- Born: 13 November 1965 (age 59) Singapore
- Occupation: Actress
- Years active: 1984–present
- Spouse: Li Nanxing ​ ​(m. 1994; div. 2004)​
- Family: Yang Lina (Sister)
- Awards: Star Awards 1999 : Best Supporting Actress

Chinese name
- Traditional Chinese: 楊莉冰
- Simplified Chinese: 杨莉冰

Standard Mandarin
- Hanyu Pinyin: Yáng Lìbīng

Yue: Cantonese
- Jyutping: Joeng4 Lei6 Bing1

Southern Min
- Hokkien POJ: Iûⁿ Lī-peng
- Tâi-lô: Iûnn Lī-ping

= Yang Libing =

Singaporean actress

Yang Libing (杨莉冰, born 13 November 1965), also known as Emily Yeo, is a former Singaporean Mediacorp actress. She was prominently a full-time artiste from 1983 to 2009.

==Career==
Yang first entered the entertainment industry in 1984 after she completed the SBC's drama training course with her older sister Yang Lina. She starred in the long-running hit drama Wok of Life and won the Best Supporting Actress award at the Star Awards in 1999.

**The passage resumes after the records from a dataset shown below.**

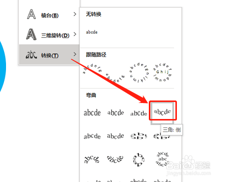 3.然后,在“转换”中,选择“倒三角”结果即可。
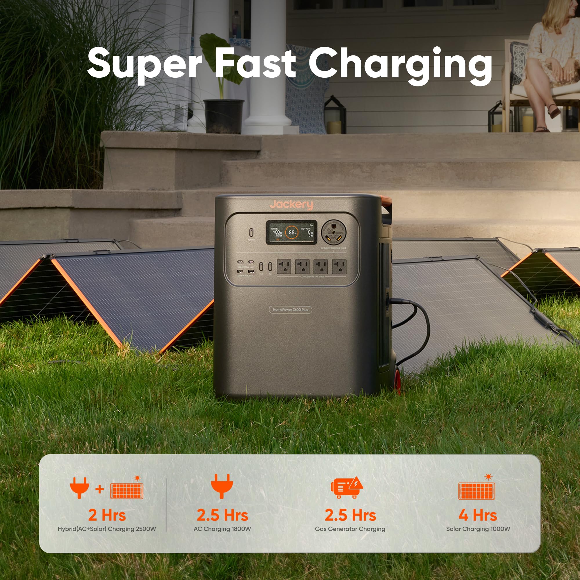 - 4 Charging Options: With 4 convenient ways to charge, the Jackery HomePower 3600 Plus solar generator can be fully recharged from 0–100% in just 2 hours via hybrid AC+DC. It also supports charging via AC in 2.5 hours, solar in 4 hours, or a gas generator in 2.5 hours —delivering a full day of quiet, clean energy.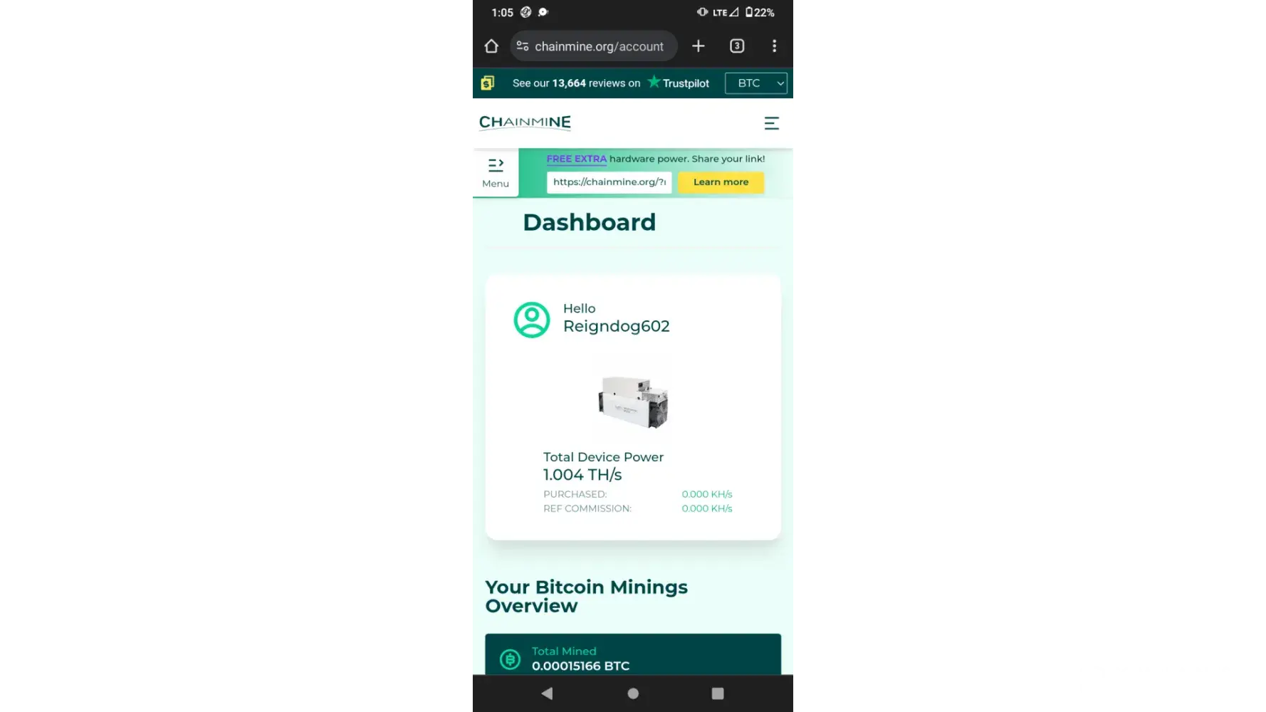 I have just Upgraded my Chainmine account for mining Power sent to address:

Yang left the entertainment industry in 2009 to focus on business and operated a hair salon with her sister Yang Lina which was opened in 2004.

Yang has appeared in several of MediaCorp's anniversary events and was one of many former artistes present at the Star Awards 2012.

==Personal life==
Yang studied at Nan Chiau High School.

Yang married actor Li Nanxing in 1994 after co-starring with him in several drama series. They divorced in 2004 citing irreconcilable differences.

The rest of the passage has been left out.